--- EXERCISE REQUIREMENTS ---
Skip all pictures, then copy the lines from the start of the data through the line with "豊後企画集団による「お部屋ラ", keeping both ends.

--- EXERCISE INPUT ---
-.-.-

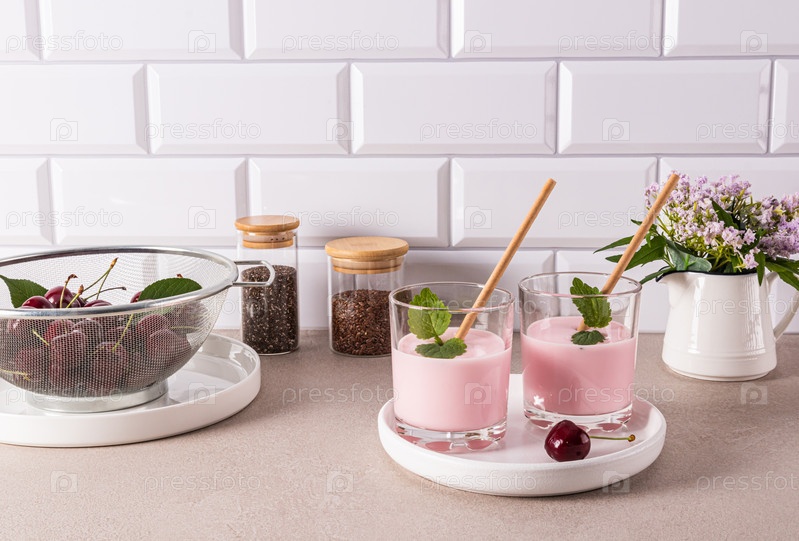 Нежный легкий десерт из вишневого смузи в двух стеклянных стаканах на белом подносе рядом с ситом с мытой вишней. Стена из белого кирпича
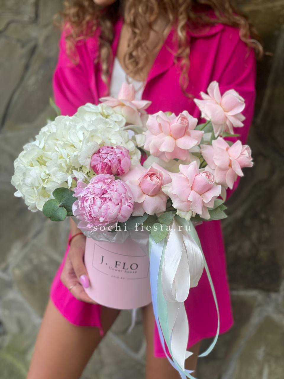 Состав: гортензии, пионы, розы, лилии,  лента, цилиндр D16.
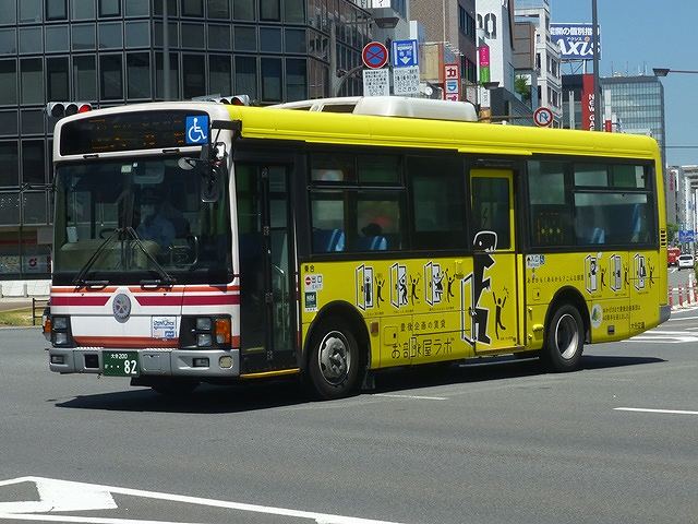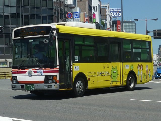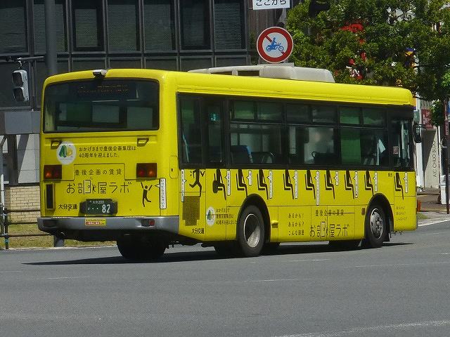 豊後企画集団による「お部屋ラボ」ラッピング車となっている01年導入のいすゞLR。交通バリアフリー法の施行により車椅子対応のスロープを装備したこともあり、01年導入車から中扉引戸仕様を本格採用し、あわせて側面の行先表示位置が中扉の後部に変わりました。ちなみに01年車はリーフサス仕様で導入しています。
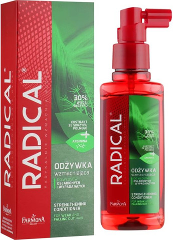 Втратити життєву силу волосся може з різних причин: стреси, стан здоров'я, погана екологія, часті укладання термоприладами, проведення процедур фарбування і хімічної завивки — і це ще не повний список. Як би там не було, проблему не можна пускати самопливом — потрібно якомога раніше почати діяти! Ви готові вступити в боротьбу за розкішне, густе волосся? Кондиціонер зміцнювальний для ослабленого волосся від польського бренда Farmona стане надійним помічником у цьому! Збагачена екстрактом хвоща, кофеїном, аргініном і пантенолом формула швидко покращить стан локонів, подарувавши їм здоровий вигляд і збільшивши об’єм. Особливості Radical Strengthening Hair Conditioner від бренда Farmona: - наявність дозатора на флаконі дає змогу контролювати витрачання засобу;- консистенція оптимальної густоти забезпечує рівномірне розподілення по волоссю;- забезпечує потужну зволожувальну і живильну дії;- розгладжує волосяні лусочки і запобігає появі посічених кінчиків;- відновлює пошкоджені ділянки локонів по всій довжині;- зміцнює пасма, роблячи їх менш вразливими до впливу різних зовнішніх факторів;- надає волоссю м'якості та живого блиску;- ущільнює локони.
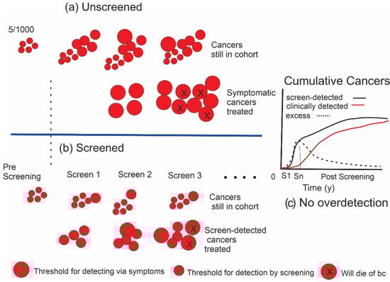 (a) Illustrates the initiation and growth of breast cancers in an unscreened population (e.g., 1000 women). Size of the lesion is represented by the diameter of the discs. X indicates cancers that will result in death. (b) The effect of screening. In (a,b), the lower rows indicate cancers that have been detected and treated, while upper rows show cancers in the cohort that have not yet been detected. (c) Difference (excess) in the cumulative number of cancers found in screened (black curve) versus unscreened (red curve) individuals, depicted in the graph as the dashed line, increases during the period of screening. In this example where there is no overdetection, cancers are found and treated earlier in the screened group; however, after screening ends at Sn, the number in the unscreened group will catch up over time, eliminating the excess.
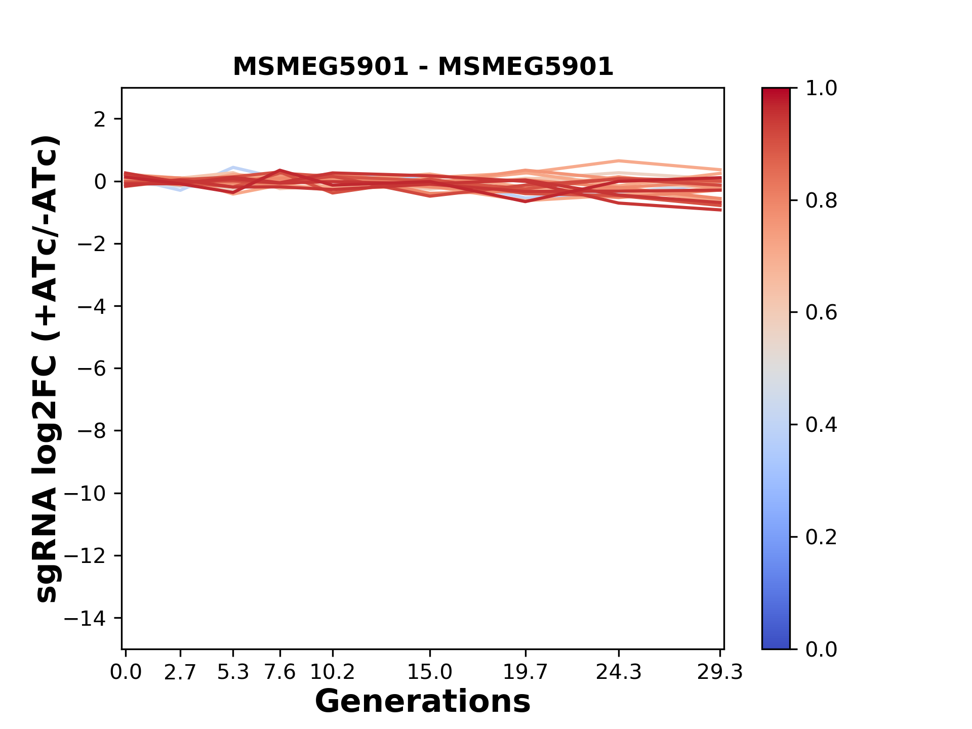 Here, we show sgRNA log2 fold-change values (L2FC) (plus versus minus ATc) over consecutive generations for sgRNAs targeting the gene you selected.
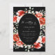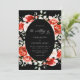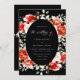 This wedding invitation features a sophisticated design with a black oval centerpiece framed by vibrant red and pink roses. Elegant white script details the couple's names, "Sierra Brown and Brandon Adams," along with the event date, time, and venue: "The St. Regis Atlanta." The classic floral aesthetic paired with the dark background creates a timeless and romantic feel.
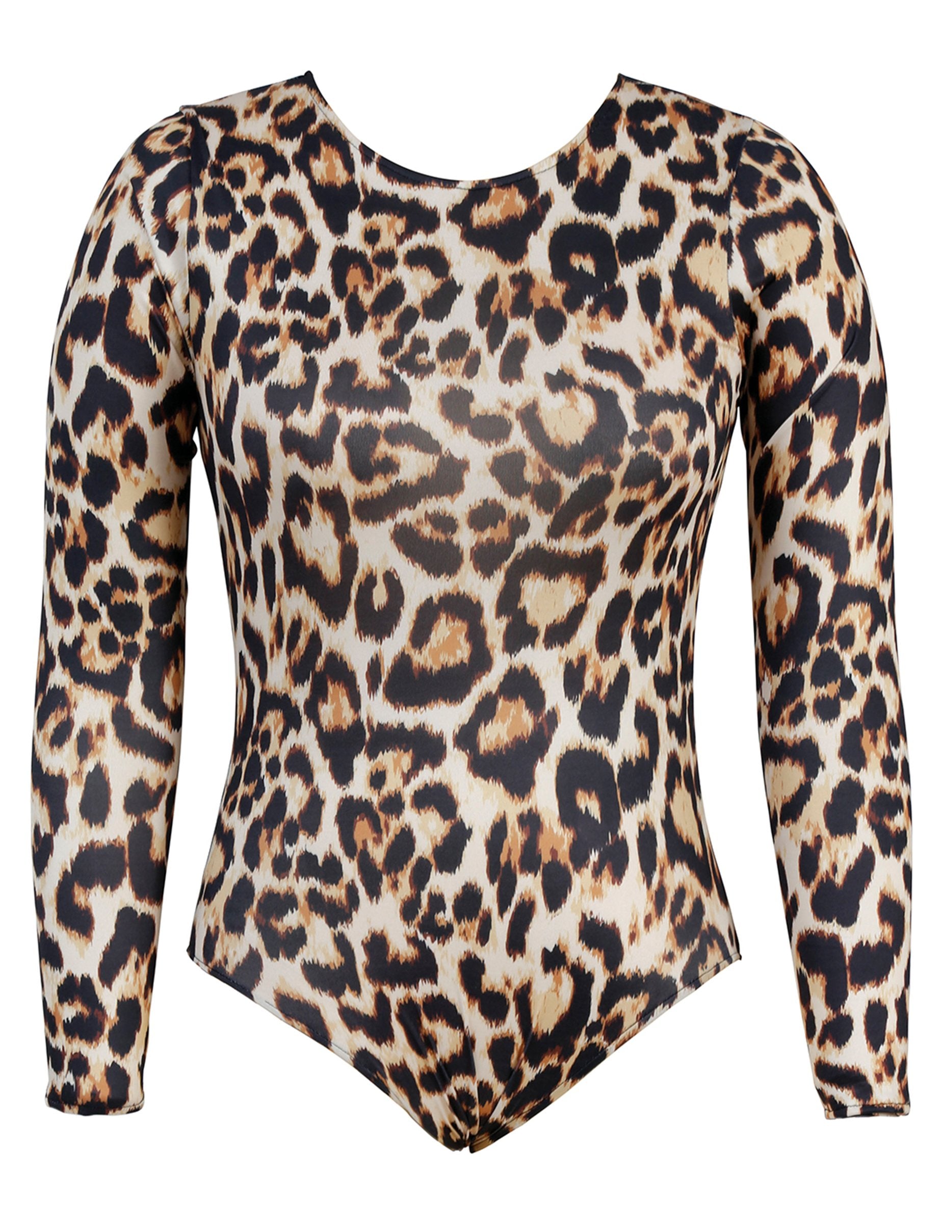 Осмелете се на дързост с този боди с дълъг ръкав с леопардов мотив, създаден за танци, кабаре или празнични вечери. Неговият прилепнал дизайн подчертава формите, докато животинският стил гарантира силна и неустоима визия. Перфектно облекло за изразяване на вашата бляскава и дива страна, независимо дали сте на сцена или на парти.

-.-.-

--- PROBLEM SOLUTION ---
 Нежный легкий десерт из вишневого смузи в двух стеклянных стаканах на белом подносе рядом с ситом с мытой вишней. Стена из белого кирпича
 Состав: гортензии, пионы, розы, лилии,  лента, цилиндр D16.
 豊後企画集団による「お部屋ラボ」ラッピング車となっている01年導入のいすゞLR。交通バリアフリー法の施行により車椅子対応のスロープを装備したこともあり、01年導入車から中扉引戸仕様を本格採用し、あわせて側面の行先表示位置が中扉の後部に変わりました。ちなみに01年車はリーフサス仕様で導入しています。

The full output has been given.